Member of Parliament
- Incumbent
- Assumed office 17 February 2026
- Preceded by: Pran Gopal Datta
- Constituency: Comilla-7

Personal details
- Born: 1991 (age 34–35) Chandina, Comilla District, Bangladesh
- Party: Independent
- Other political affiliations: Bangladesh Nationalist Party
- Occupation: Politician

= Atikul Alam Shawon =

Bangladeshi politician (born 1991)

Atikul Alam Shawon (আতিকুল আলম শাওন; born 1991) is a Bangladeshi independent politician who is an incumbent member of Parliament from the Comilla-7 constituency.

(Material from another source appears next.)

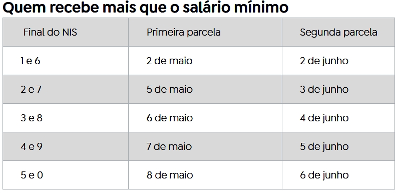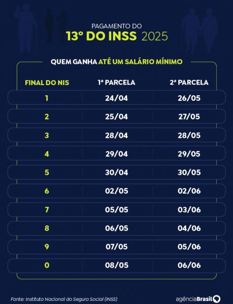 Com previsão de injetar R$ 73,3 bilhões na economia, a antecipação do décimo terceiro do INSS será paga em duas parcelas. A segunda parcela vai de 26 de maio a 6 de junho. As datas são definidas com base no dígito final do Número de Inscrição Social (NIS) e com base na renda do beneficiário. Quem ganha apenas o salário mínimo começa a receber antes de quem recebe mais que o mínimo.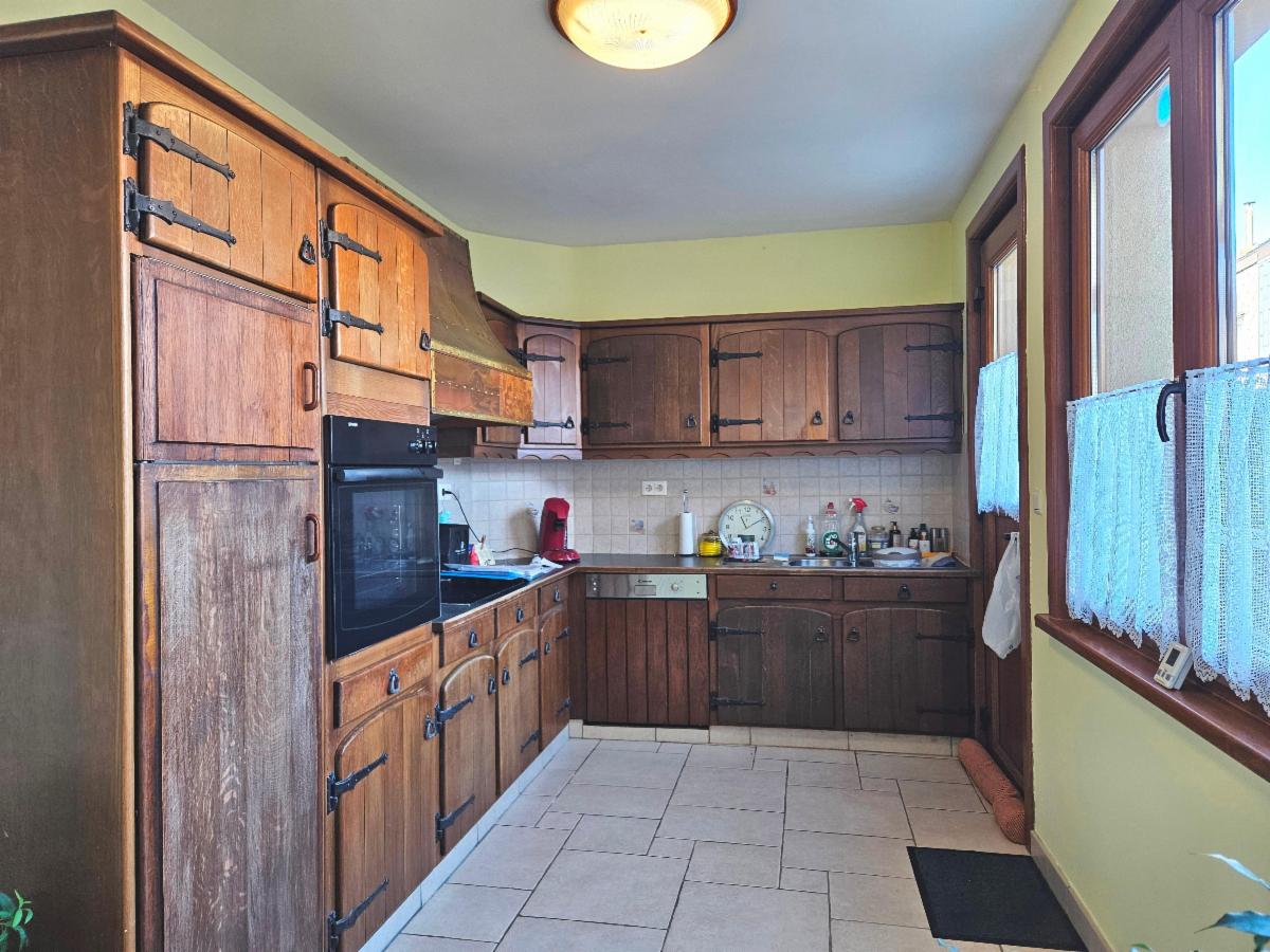 Rez-de-chaussée : un hall d’entrée, séjour, cuisine équipée, wc et garage.

==Early life and education==
Shaon was born in 1991 to a Bengali family of Muslim politicians in Chandina, Comilla District. His father, Khurshid Alam, was a member of the Bangladesh Nationalist Party, serving as chairman of the Chandina Upazila Council and contesting for Comilla-7 during the 2008 Bangladeshi general election. Shaon studied at the Chandina Model Government Primary School. He received his Secondary School Certificate from Chandina Government Model Pilot School in 2006 and his Higher Secondary Certificate from the College of Development Alternative in Dhanmandi, Dhaka. Shaon graduated with a Bachelor of Laws from the Bhuiyan Law Academy.

==Career==
Shaon has served as president of the Chandina branch of the Bangladesh Nationalist Party. He has also served as the joint convener of the Party's Comilla District North Branch. He was elected to parliament as an independent candidate for Comilla-7 following the 2026 Bangladeshi general election.